_Description of the task_: Return only the lines from the one that contains "Inspired by the" through the last line of the records below, exactly as they stand. Pictures are not part of the copy.

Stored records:
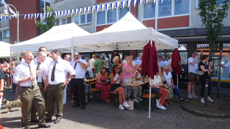 Die Bruderschaft feierte am Sonntag den Möschesonntag, mit dem sie das Schützenfest am kommenden Wochenende ankündigt. Nach der Totenehrung am Ehrenmal auf der Drupnas wurde auf dem Parkplatz an der Speestraße Mitten im Dorf bei viel Musik gemeinsam mit den Lintorfern gefeiert.
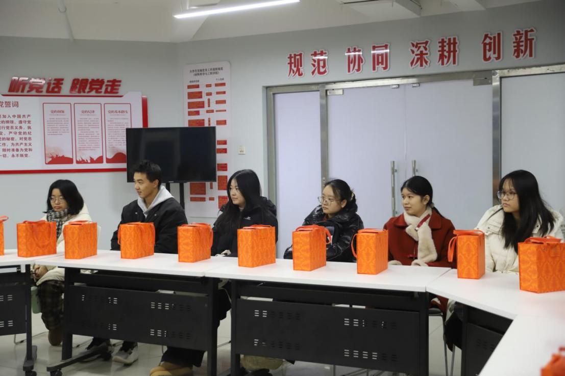 随后,同学们围坐一堂,交流复习心得与备考策略,在彼此的鼓励中凝聚冲刺力量,现场互动氛围轻松融洽。学院还暖心地准备了考研小礼物,将深切关怀与美好期许传递给备考学子们。
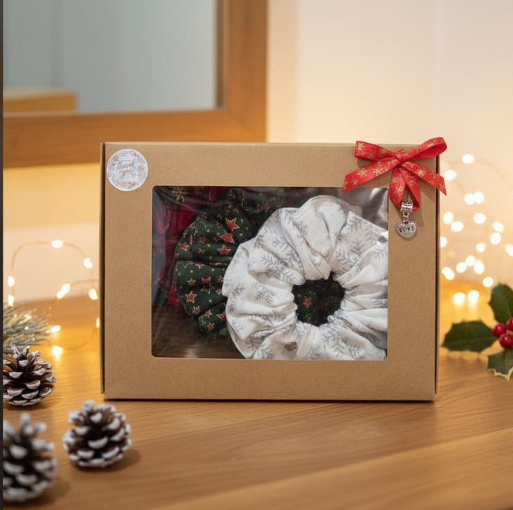Inspired by the warmth of Christmas lights and festive colours, this scrunchie set was created to bring sparkle, comfort and joy to the holiday season. Each piece is handmade with care and love in the United Kingdom, making it a thoughtful gift or a stylish treat for yourself.
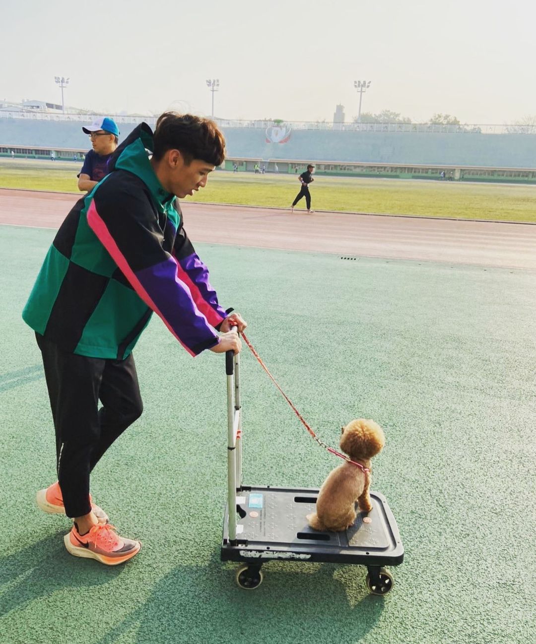 提到秋杰,那就不能忘了他的愛寵“歐姆”!也佔據了他的生活一部分,於是我向秋杰詢問他是否會帶著歐姆一起出門訓練?:
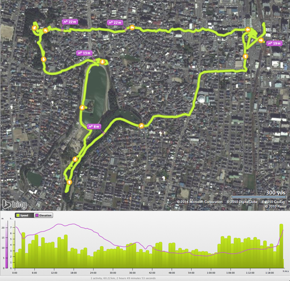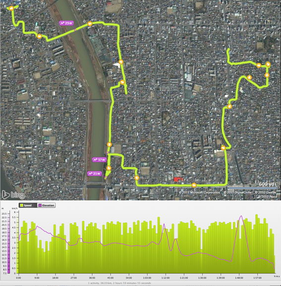 途中,寄り道をしたり道を間違えたりして,彷徨った実歩行距離は,15.2 km.空腹を抱えての最近にない長距離散歩で,多少は脂肪が消費されたか?(22300)

_Written solution_:
Inspired by the warmth of Christmas lights and festive colours, this scrunchie set was created to bring sparkle, comfort and joy to the holiday season. Each piece is handmade with care and love in the United Kingdom, making it a thoughtful gift or a stylish treat for yourself.
 提到秋杰,那就不能忘了他的愛寵“歐姆”!也佔據了他的生活一部分,於是我向秋杰詢問他是否會帶著歐姆一起出門訓練?:
 途中,寄り道をしたり道を間違えたりして,彷徨った実歩行距離は,15.2 km.空腹を抱えての最近にない長距離散歩で,多少は脂肪が消費されたか?(22300)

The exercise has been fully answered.